After creating the access key, return to the AccessKey page to view its status.

For more information, see Prepare an Alibaba Cloud account.

Create a VPC and VSwitch

To ensure network connectivity for later tasks, verify that the DataWorks resource group and Hologres instance use the same VPC. Follow these steps to create a VPC and a VSwitch:

Log on to the VPC console. In the top navigation bar, switch the region to China (Shanghai).
In the left-side navigation pane, click VPCs.
On the VPCs page, click Create VPC.
On the Create VPC page, configure a VPC and a VSwitch. For the VSwitch, select Shanghai Zone E as the availability zone. Then, click OK. For more information, see Create a VPC and a VSwitch.
Click the ID of the VPC instance you created and add a security group on the Resource Management tab. For more information, see Create a security group.

Associate an EIP

This tutorial uses the public GitHub Archive dataset. By default, general-purpose resource groups in DataWorks cannot access the internet. Therefore, you must configure a public NAT gateway for the resource group's associated VPC to access the public dataset.

Log on to the public NAT gateway console. In the top navigation bar, switch the region to China (Shanghai).
Click Create NAT Gateway. Configure the following parameters:
Parameter
Value
Region
China (Shanghai).
VPC
Select the VPC and VSwitch you created.
Associate VSwitch
Access Mode
VPC SNAT.
Elastic IP Address
Create EIP.
Note
Keep the default values for parameters not listed in the table.
Click Buy Now, select the terms of service, and then click Confirm Order to complete the purchase.

Hologres free trial

Log on to the Hologres Free Trial page and click Try Now. In the Hologres dialog box that appears, configure the parameters. This tutorial uses the example values in the following table. You can keep the default values for any parameters not mentioned.

Parameter	Example value
Region	China (Shanghai)
Instance type	General-purpose
Availability zone	Zone E
Compute resources	32 Cores, 128 GB (Compute Nodes: 2)
VPC	Select the VPC you created.
VSwitch	Select the VSwitch you created.
Instance name	hologres_test
Service-linked role	Create the role as prompted on the page. Role name: `AliyunServiceRoleForHologresIdentityMgmt` Permissions: Hologres uses this role to access your resources in other Alibaba Cloud services.
Resource group	Default Resource Group

Select the terms of service, click Try Now, and follow the on-screen instructions to complete the application.
Click Go to Console to start your trial.

MaxCompute free trial

Important

To complete this tutorial, you must activate DataWorks and MaxCompute. For MaxCompute, you can choose one of the following options:

Free trial: You can apply for a free trial of MaxCompute. After the trial period ends, you are charged for continued use. For more information, see Free trial quota for new users.
Pay-as-you-go: When you activate DataWorks, a pay-as-you-go MaxCompute service is activated by default.

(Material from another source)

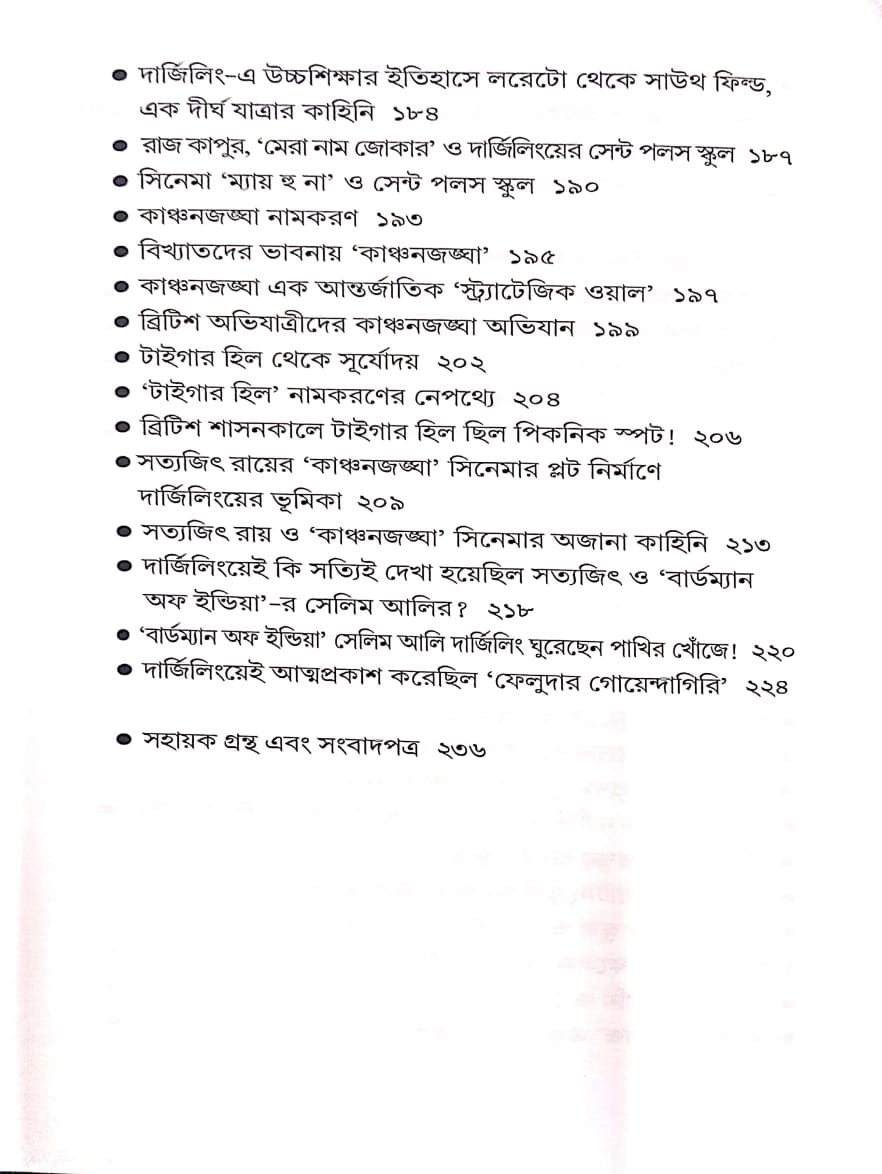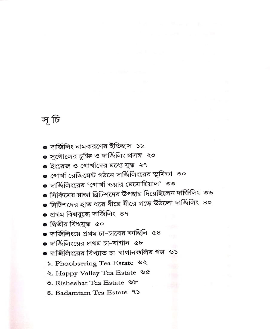 দার্জিলিং- যেখানে পাহাড়‚ ইতিহাস আর স্বপ্ন মিলিত হয়। বিশ্বের অন্যতম সেরা ‘দার্জিলিং টি’ এখানকার গর্ব। রয়েছে শতাব্দপ্রাচীন ‘টয় ট্রেন’। সত্যজিৎ রায়ের ‘কাঞ্চনজঙ্ঘা’ থেকে ‘ফেলুদার গোয়েন্দাগিরি’-সবেতেই দার্জিলিং। ‘মেরে সপনো কি রানি’ গান থেকে রাজ কাপুরের ‘মেরা নাম জোকার’ কিংবা শাহরুখের ‘ম্যায় হু না’ সিনেমায় ঘুরেফিরে এসেছে দার্জিলিং। লেখকের দীর্ঘ গবেষণা ও অভিজ্ঞতায় ফুটে উঠেছে এক অন্য দার্জিলিং-এর ছবি।

To use the MaxCompute free trial, you must apply for it before you activate DataWorks.

Log on to the MaxCompute Free Trial page.
On the MaxCompute card, click Try Now.
In the trial panel for the MaxCompute product, set Activation region to China (Shanghai). Keep the default values for other parameters.
Select the terms of service, click Try Now, and follow the on-screen instructions to complete the application.

Activate DataWorks

To complete this tutorial, you need to activate the Basic Edition of DataWorks, a resource group, and MaxCompute. Follow these steps to activate the services:

Important

For MaxCompute, you can choose one of the following options:

Free trial: You can apply for a free trial of MaxCompute. After the trial period ends, you are charged for continued use. For more information, see Free trial quota for new users.
Pay-as-you-go: After you activate DataWorks, a pay-as-you-go MaxCompute service is enabled by default to help you try the core features.

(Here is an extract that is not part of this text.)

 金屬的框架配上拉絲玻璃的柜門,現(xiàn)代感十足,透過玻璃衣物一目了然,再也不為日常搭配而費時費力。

To use the MaxCompute free trial, you must apply for it before you activate DataWorks.

Go to the DataWorks activation page.
Go to the Alibaba Cloud DataWorks official website and click Activate Now to go to the activation page.

Purchase the product with the following settings.

Parameter	Configuration
Region	China (Shanghai)
DataWorks edition	Basic Edition
Resource group	Name: Enter a custom name. Network: Select the VPC and VSwitch you created. Note The VPC and VSwitch are automatically bound to the resource group you create, allowing you to use them directly for data integration. Service-linked role: Create the role as prompted on the page. Role name: `AliyunServiceRoleForDataWorks` Role permission policy: `AliyunServiceRolePolicyForDataWorks`

Select the terms of service and follow the on-screen instructions to complete the payment. For more information about purchasing the product, see Purchase guide.

Note

After you activate DataWorks, a default workspace is created for you. The new resource group belongs to this workspace by default and is ready to use.
After you activate DataWorks, go to the authorization page to grant DataWorks permissions to access your cloud resources.

DataV free trial

Log on to the DataV official website and click Buy Now.
In the Product edition section, click Free Trial under DataV-Dashboards > Enterprise.
Click Buy Now and follow the on-screen instructions to activate the service.

Create a Hologres table

Initialize the Hologres environment.

Go to the Hologres console - Instance List page, click the name of your target instance to go to the Instance Details page.
On the Instance Details page, click Log On to Instance to open HoloWeb.
On the Metadata Management page, click Databases.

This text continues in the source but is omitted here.